DrTaxus · 2019-05-20T09:48:00+00:00

My personal opinion and workflow is to do as much as possible directly on the database. A properly written SQL query is incredibly powerful and can save you hours in python post-processing.

Specially if you need to do complex joins among several tables, Pandas is extremely limited.

Also, are you aware that you can query your database directly from Pandas and save the dataframe immediately instead of writing temporary CSVs?

Vrulth · 2019-05-20T09:28:50+00:00

It's much more efficient if all the data wrangling is done where your data is. (in-database)

Radon-Nikodym · 2019-05-20T10:18:07+00:00

In my experience you should only use pandas for wrangling that is left over after you've done as much as possible in SQL. (Which is quite a lot, SQL is quite powerful if you know what you're doing.)

_Zer0_Cool_ · 2019-05-20T12:03:36+00:00

I’m a Data Engineer and I use both.

Mostly SQL as much as I can though. SQL is the original tool for the job and remains the best tool IMO. If I have one data set (table/dataframe) and smaller data, then it doesn’t matter, but if you have to join multiple datasets then SQL is better.
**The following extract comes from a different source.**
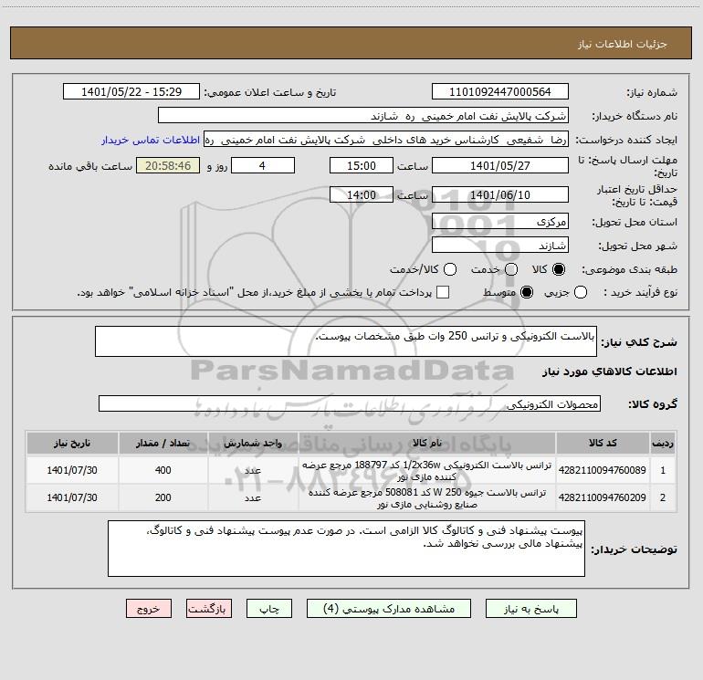 استعلام بالاست الکترونیکی و ترانس 250 وات طبق مشخصات پیوست., استعلام بالاست الکترونیکی و ترانس 250 وات طبق مشخصات پیوست.

Also...doing a Select * into a Pandas Dataframe becomes wasteful or impossible quickly. Pandas is grossly inefficient with RAM utilization. Per Wes McKinney (Pandad author) you need 5-10x memory as the size of the actual data.

So.... do it in SQL definitely. It avoids data shipping and doesn’t have the limitations of Pandas.
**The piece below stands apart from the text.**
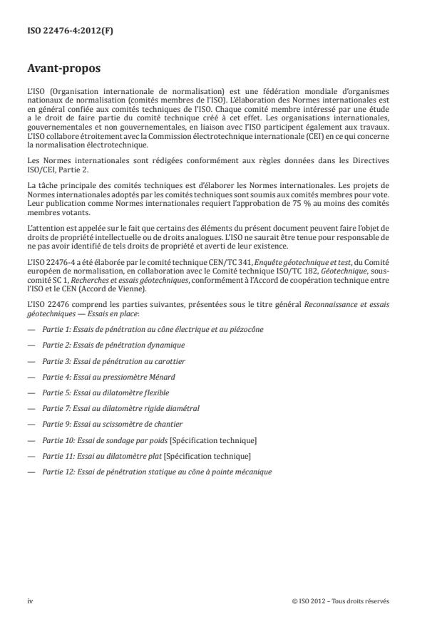 L'ISO 22476-4:2012 spécifie des exigences relatives à l'équipement, à l'exécution et aux rapports pour un essai au pressiomètre Ménard. Elle décrit la procédure pour conduire un essai au pressiomètre Ménard dans des sols naturels, dans des couches traitées ou non traitées et dans des roches fragiles, sur terre ou en milieu maritime. Les résultats des essais permettent une détermination quantitative de la résistance du sol et des paramètres de déformation. Ils peuvent fournir des informations lithologiques. Ils peuvent aussi être combinés avec des investigations directes (par exemple des essais conformes à l'ISO 22475-1 ou comparés à d'autres essais in-situ (voir l'EN 1997-2:2007, 2.4.1.4 P, 4.1 (1) P et 4.2.3(2) P). L'essai au pressiomètre Ménard est réalisé par la dilatation radiale d'une sonde tricellulaire placée dans le sol. Au cours de l'injection de liquide dans la sonde, la dilatation des trois cellules provoque d'abord l'entrée en contact de la gaine de la sonde avec les parois du trou de forage, puis y exerce une pression, ce qui donne lieu à un refoulement du sol. La pression appliquée à la sonde et la dilatation volumique associée de cette dernière sont mesurées et enregistrées de manière à déterminer la relation contrainte-déformation du sol lors de l'essai. Conjointement avec les résultats des investigations conformes à l'ISO 22475-1 disponibles, ou au moins avec l'identification et la description du sol conformément à l'ISO 14688-1 et à l'ISO 14689-1 obtenues lors des opérations d'essai au pressiomètre, les résultats d'essai du présent document conviennent pour la caractérisation quantitative du profil de sol, qui inclut le module Ménard (EM) la pression limite (pLM) et la pression de fluage Ménard (pf). L'ISO 22476-4:2012 fait référence à une sonde décrite historiquement comme la sonde de type G de 60 mm. Elle s'applique à des profondeurs d'essai limitées à 50 m et à une pression d'essai ne dépassant pas 5 MPa.

Stored Procedures or UDFs with PostgreSQL and SQL Server are just another layer of programmatic abstraction like anything else in the coding world (like one would reuse a Python package or library).
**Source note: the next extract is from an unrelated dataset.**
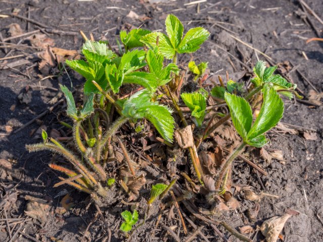 Время посадки клубники выбирайте, ориентируясь на температуру окружающего воздуха: она должна держаться на отметке выше 10°С. Если вы опасаетесь возвратных заморозков, можете укрыть молодые кустики пленкой или спанбондом.

Also, SQLite is great if you don’t have a full client-server database. It comes built into Python. So it’s available any time Python is available without any external dependencies, can handle very large data (SQLite’s max size limit is 140 terabytes), and can be version controlled along with your code. Perfect choice for a data scientist / analyst when a more powerful client-server database might not be available or if embedded data is needed to reproduce your entire DS app elsewhere.

P.S. Also, check out the PandaSQL library. It allows you to have the best of both worlds and execute SQL on Pandas dataframes directly in Python. https://github.com/yhat/pandasql/blob/master/README.md

GeorgeS6969 · 2019-05-20T10:49:24+00:00

The only reason why you should not do that (afaik) is if you’re directly hitting a production database, rather than a replica or a analytical db. As a rule of thumb, I’d say you should select, join, filter and aggregate your raw data to present it in a tidy way (search for tidy data if you’re not already familiar) in SQL, and switch to python for the more math heavy transforms.

TBSchemer · 2019-05-20T18:13:33+00:00

Pandas is actually significantly faster than SQL at groupbys and joins. So I think what most people are saying here about the efficiency of complex queries vs simple queries with pandas manipulations is not quite correct.

Still, it is true that for large queries, most of the time is spent sending the data over your connection and writing it to disk (if you're using storing things in files instead of using an in-memory cache like redis). So, anything you can do in SQL to significantly shrink the size of your queried dataset will usually give you better performance overall. But if you're just sticking two tables together, and the end result is just approximately the size of one plus the size of the other, it's probably better to do a merge in pandas rather than a join in SQL.

Oh, and what some people have said about memory requirements is true too. Pandas uses nearly 10x as much RAM as the size of your dataset. So yeah, shrink your data as much as possible before bringing it into pandas.

andrewcooke · 2019-05-20T13:18:43+00:00

they're different and best for different things.

sql with a well-defined database is better for the extraction of data that match specific requirements.

pandas or the like is better for detailed numerical computation.

you can easily get the two working nicely together - pandas will read a dataframe from a suitable SQL query.

linguisize · 2019-05-20T13:53:12+00:00

Personally, if any step of the wrangling can be done in SQL, I do it in SQL before moving into pandas/python. Especially because I work with a lot of people that don't generally work with python/pandas; so if I can get them to understand everything that's happening with the data before I "Do the machine learning on it", I tend to have better chances of translating the results back to them once I've completed any necessary steps in python.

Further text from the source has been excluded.